DID YOU KNOW? A Town Of Freed So-Called Slaves Were Driven From their Homes To Build Arlington Cemetery On Robert E. Lee’s Old Estate !

by | Jun 27, 2017 | Did You Know, DYK, History | 0 comments

Have you ever heard of Freedman’s Village, a town of freed so-called slaves on the seized estate of Robert E. Lee.

Well, it was once a thriving bastion of hope, of around 100 residents, in small wooden homes.

Timeline.com wrote:

Freedman’s Village, which started in 1863 with 50 wooden houses, was touted as a model community when it was dedicated, with farms, a hospital, an orphanage, and a home for the elderly. By 1864, though, conditions were dismal. People were hungry, unwanted by the surrounding community, and exploited by opportunists. “I am a going around among the colored folks and find out who it is sells the clothing to them that is sent to them from the North,” [Sojourner] Truth wrote to her daughter, deeply dismayed, shortly before her meeting with Lincoln.

Through the work of Truth and missionary organizations, the camp became a permanent home for former slaves. That home lasted until 1890, when it was razed—residents driven from their homes—to make way for Arlington National Cemetery.
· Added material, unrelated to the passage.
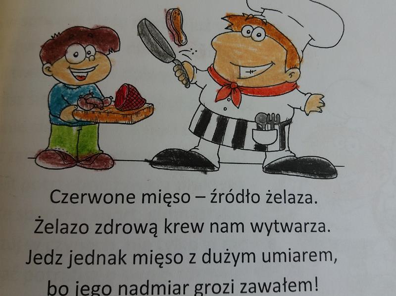 - Pilnie słuchaj, bystry smyku, co Ci powiem w tym wierszyku. Chcesz być mądry, silny, zdrowy to wbij słowa me do głowy! Warto się odżywiać zdrowo, by żyć dłużej – daję słowo!

Freedman’s Village was built on land seized from Robert E. Lee and occupied by the Union army since the beginning of the war. The grounds of the Confederate commander’s estate were used first as a soldier’s camp then as a graveyard, in a deliberate attempt to provoke the general. It worked. “Your old home, if not destroyed by our enemies, has been so desecrated that I cannot bear to think of it,” Lee wrote in a letter to his daughter in a Christmastime letter in 1861.

By 1863, the land was home to former slaves who escaped to the capitol during the Civil War.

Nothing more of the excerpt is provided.